Probably never gonna run on normal boxes, it uses RingAttention which only makes...

azinman2 · on Feb 16, 2024

I’d still like to know the requirements. You can rent A100’s or have access thru work, etc.

ramoz · on Feb 16, 2024

> Scaling Inference We additionally scale our inference code to support million-length sequences by implementing RingAttention for decoding. Inference for such long sequences requires a minimum of v4-128 with a TPU mesh sharding of 32 tensor parallelism, and 4 sequence parallelism (ring dimension). We perform inference in pure single precision, where additional improvements can be made through techniques in scalability such as quantization.

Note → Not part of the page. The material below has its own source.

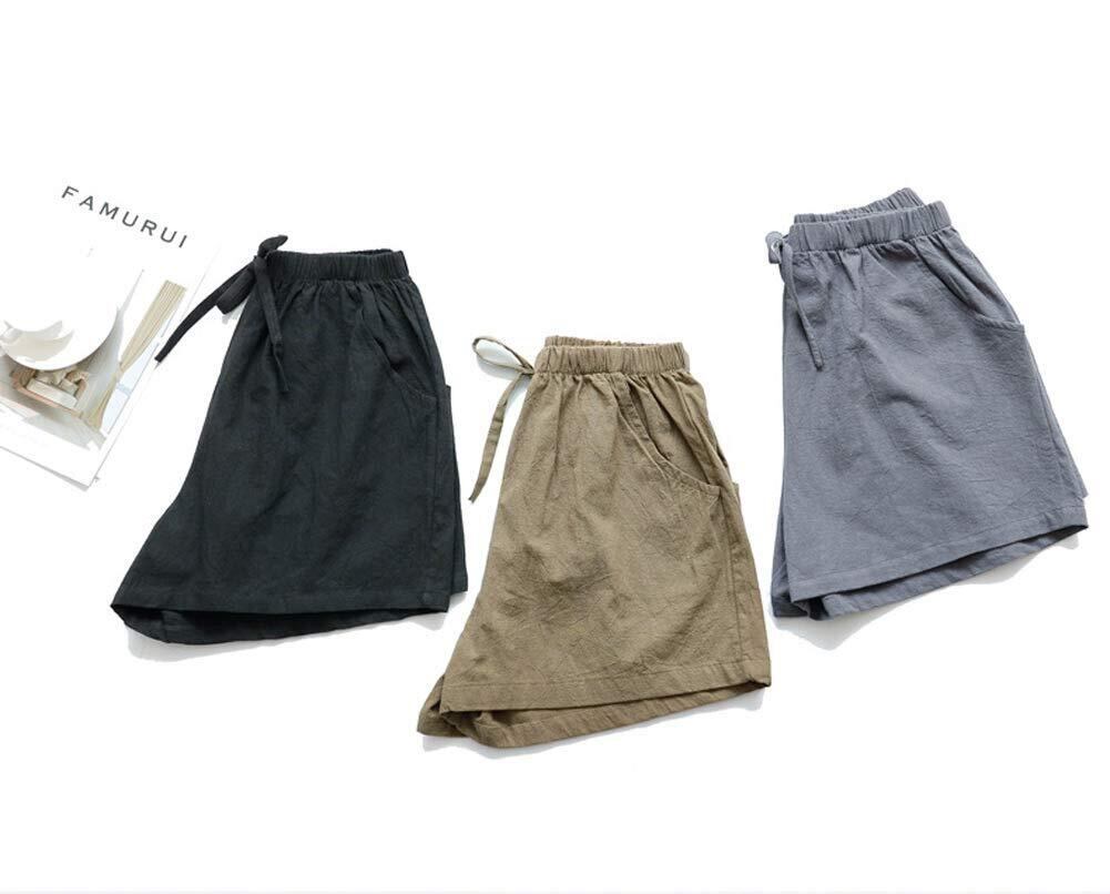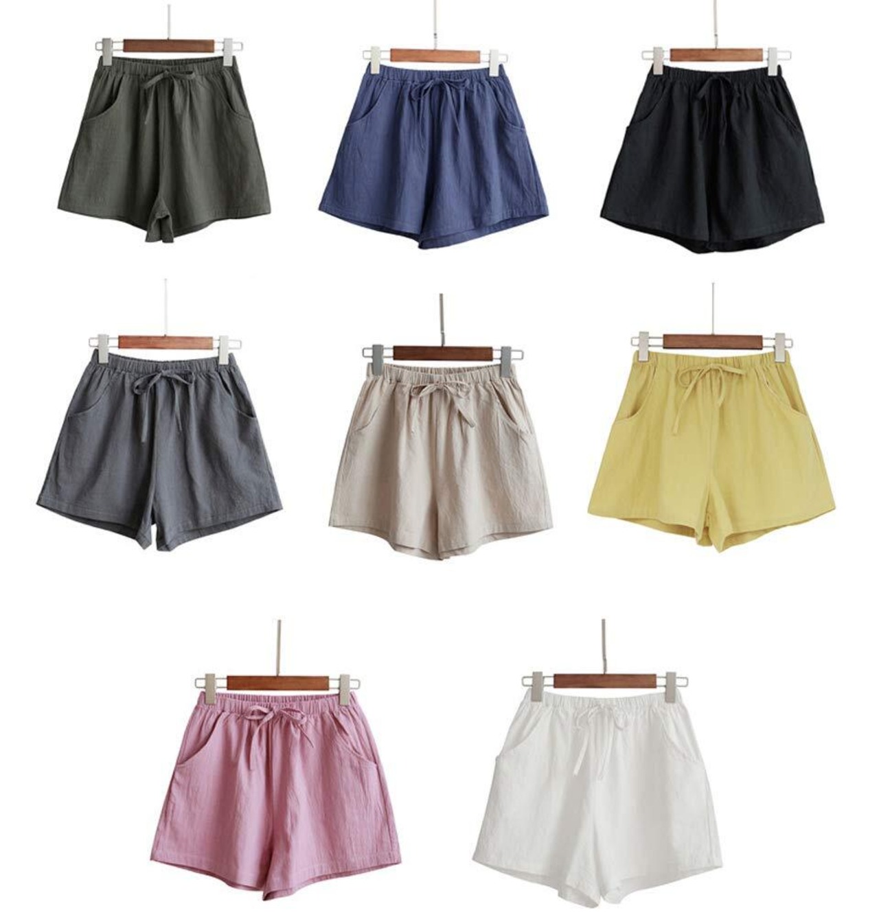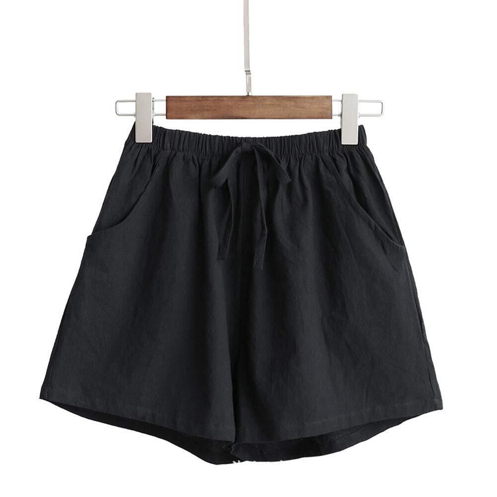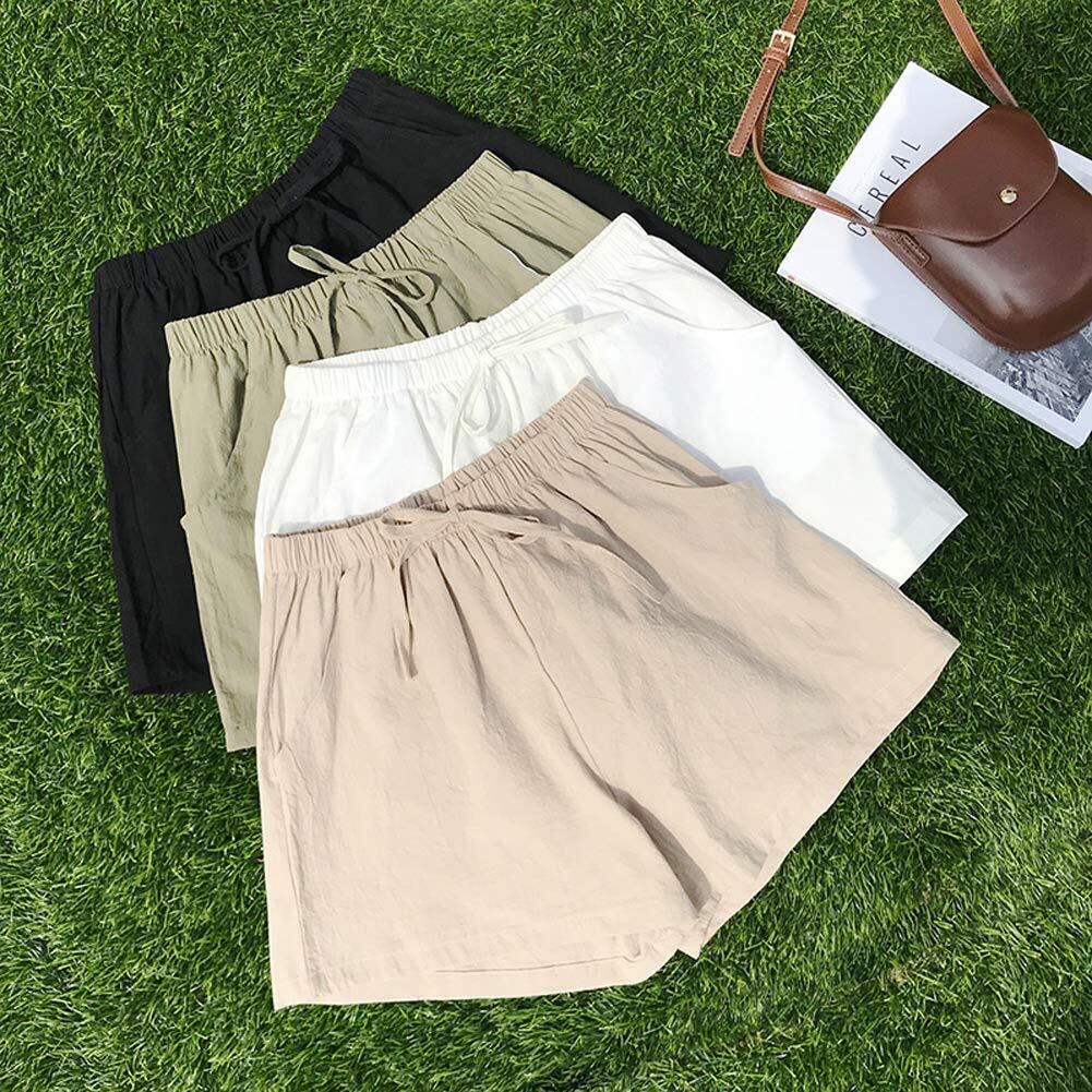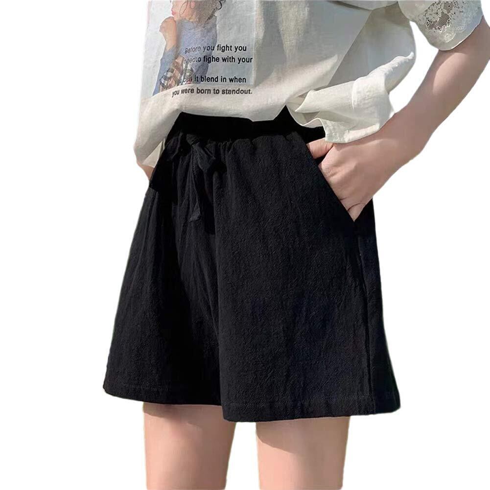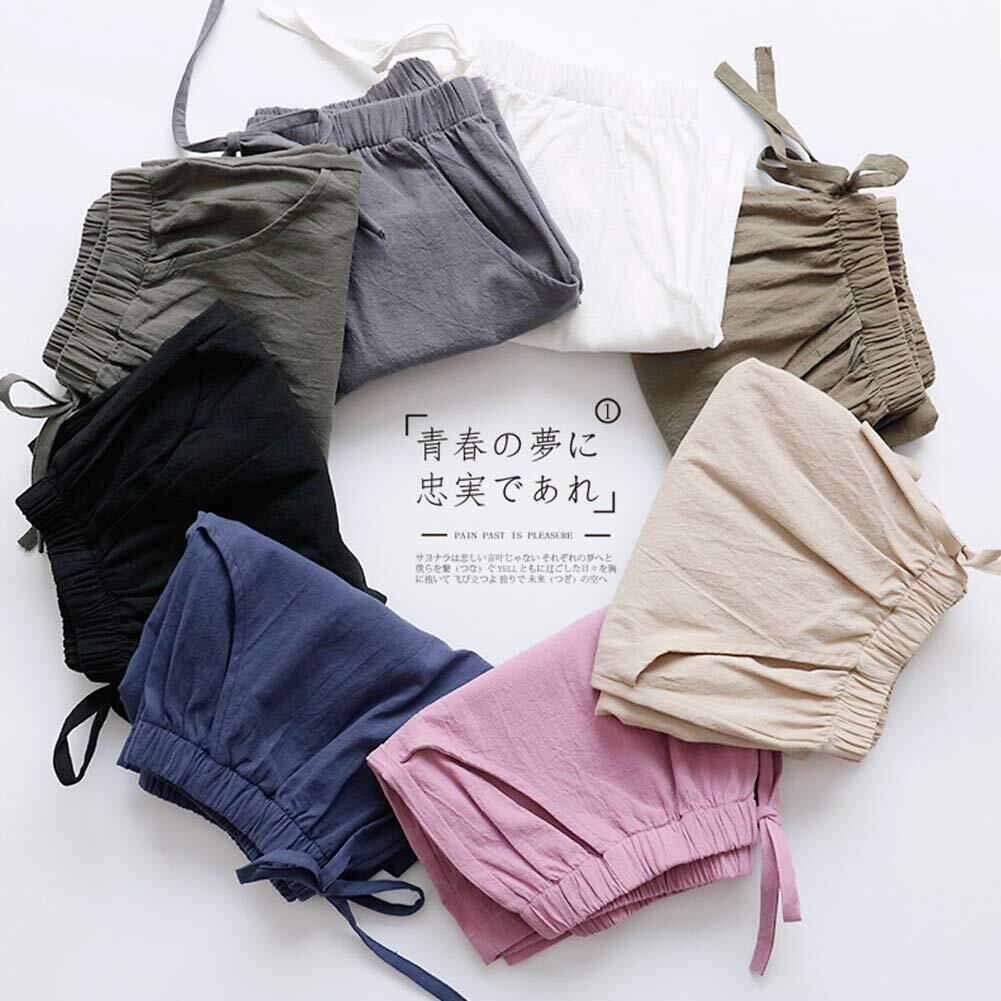 [Huaszeer] ショートパンツ 短パン レディース 綿麻 夏 ハーフパンツ 無地 純色 部屋着 ウエストゴム 普段履き
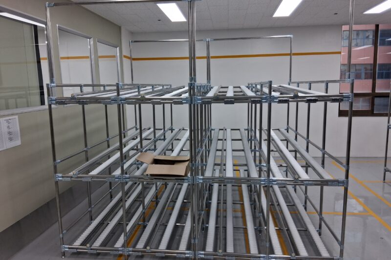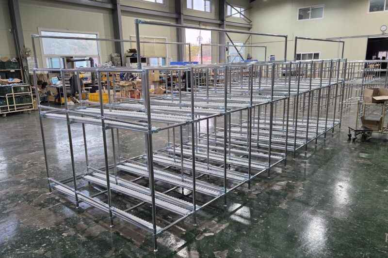 안녕하세요. 랙을 맞춤으로 제작해드리고 있는 업체 “(주)피제이시스템”입니다. 오늘은!! 롤러(플라콘)를 이용하여 자재를 보관할수있는 랙을 소개해드릴건데요~! 공장 내부의 자재보관라인에 배치해놓고 사용하기 아주 적합합니다. 업로드 했었던 선입선출랙과는 달리 조금 다른 사양이 보이실텐데요! 바로!

Filligree · on Feb 16, 2024

It might even fit in a max-sized macbook pro.

machinekob · on Feb 16, 2024

Maybe in few years with 4bit quantisation. (around 1TiB is needed for that)

K0balt · on Feb 16, 2024

There are models with shorter attention sizes that probably are much smaller in vram needs. The model itself is only about 32g, so in 5K-M quant it wouldn’t be that bad, and the smaller attention versions might actually be workable in higher end workstations with cleverness like llama.cpp. Back of the napkin guess tells me maybe around 60g for the 32k context version

5kg · on Feb 16, 2024

From https://arxiv.org/pdf/2402.08268.pdf

> We trained our models using TPUv4-1024, which is approximately equivalent to 450 A100s

> Inference for such long sequences requires a minimum of v4-128

So you'll need ~60 A100 for inference.